To ensure the security of university data and systems by establishing requirements for the proper maintenance and oversight of systems and applications used by university constituents.

APPLIES TO 

This policy applies to all individuals responsible for operating or overseeing any University system or application, whether on premise or in the cloud.

DEFINITIONS  

Academic / Research System: A system whose primary responsibility relates to individual academic work or research

Administrative System: Any system that is used in support of the operation of the university excluding individual Academic / Research Systems.

Client Network: A client network is a computer network where individual machines are connected. Client networks consume services and do not offer services to the general population

ITS: Information Technology Services

IT Professional: An individual (staff) who is trained and skilled in using technology to solve business problems coupled with assigned job duties in support of technology at the university. This must be a defined responsibility within the position job description and may not fall under “other duties as assigned.” Appropriate training, support, and budget must also be available in support of the IT Professional role.

Local Network: The local network is those computers logically located in the same subnet

SaaS: Cloud-based service that is delivered via the web based on either a monthly or annual subscription

PaaS:  Cloud-based service that provides a platform allowing for the development of software using an established framework to improve development time and management of cloud services

PII (Personally Identifiable Information):  Information that either singularly or in conjunction with other data elements could reasonably lead to the identification of specific individuals

Public Availability: Services offered publicly include services offered outside of the local network

Regulated Data: Any data that has regulations around its protection prescribed either by law or contract is automatically considered administrative data. Examples include: Personally Identifiable Information (PII), Payment Card Information (PCI), Personal Health Information (PHI) and FERPA (Family Educational Rights and Privacy Act)

System Owner: The individual who is responsible for the planning and operation of the service. All systems must have a designated system owner.

POLICY STATEMENT  

The proper management, maintenance and support of systems and applications is critical to protecting the data they store or process from a confidentiality, integrity, and availability perspective.

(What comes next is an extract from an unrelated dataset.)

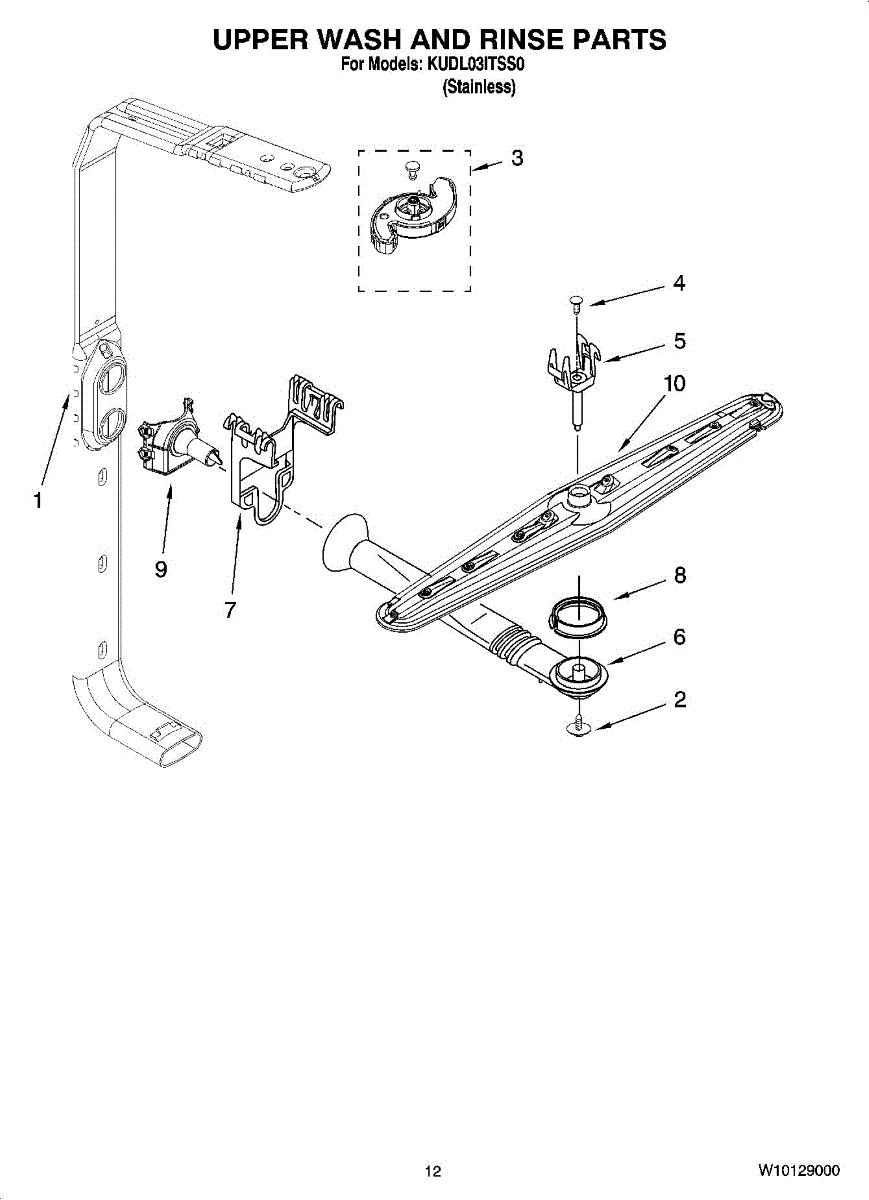 Top rack spray arm that rotates to distribute water across upper dishes. Replace if cracked, broken, or not spinning freely to restore water coverage.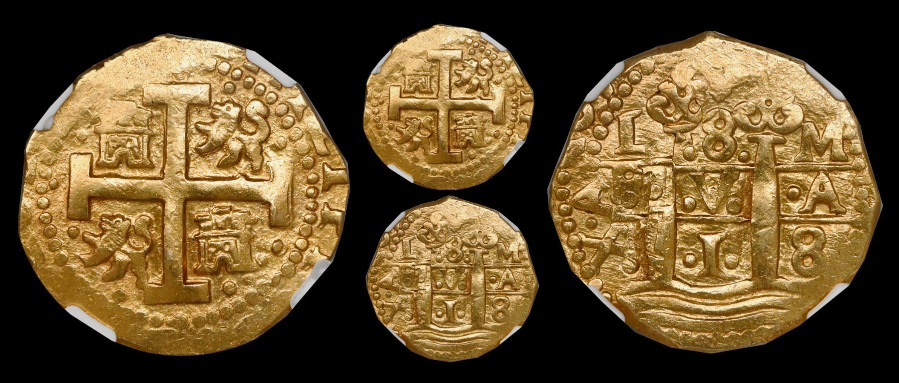 Lima, Peru, cob 8 escudos, 1718M, NGC AU 58, finest known in NGC census.

Basic Requirements (all systems including academic, administrative and research)

System Ownership

All systems including cloud-based systems supporting any aspect of the University must have an identified owner and responsible party for ensuring the controls specified in this policy.

All software and services used to process University information are subject to an Information Security review and sign off prior to their purchase or development. Information Security reviews will evaluate specific risks and controls available and necessary based on the information being processed. The system owner will be responsible for the deployment of the agreed upon security controls prior to enabling the production capability of the system or application.

System Access

Access to information in the possession of or under the control of the University must be provided on a need-to-know basis. Information must be disclosed only to individuals who have a legitimate and approved need for the information. For most applications, this requires the use of proper authentication methodologies and the use of Single Sign On (SSO) is encouraged.

Information may only be used for its intended purpose, and other uses of university information without the approval of the data owner is prohibited.

Patching and Maintenance

All system owners must ensure the timely implementation of operating systems and application patches to provide for the confidentiality, integrity, and availability of the systems or data. The ongoing maintenance of applications and the application of software updates is an activity that must be minimally scheduled on a quarterly basis.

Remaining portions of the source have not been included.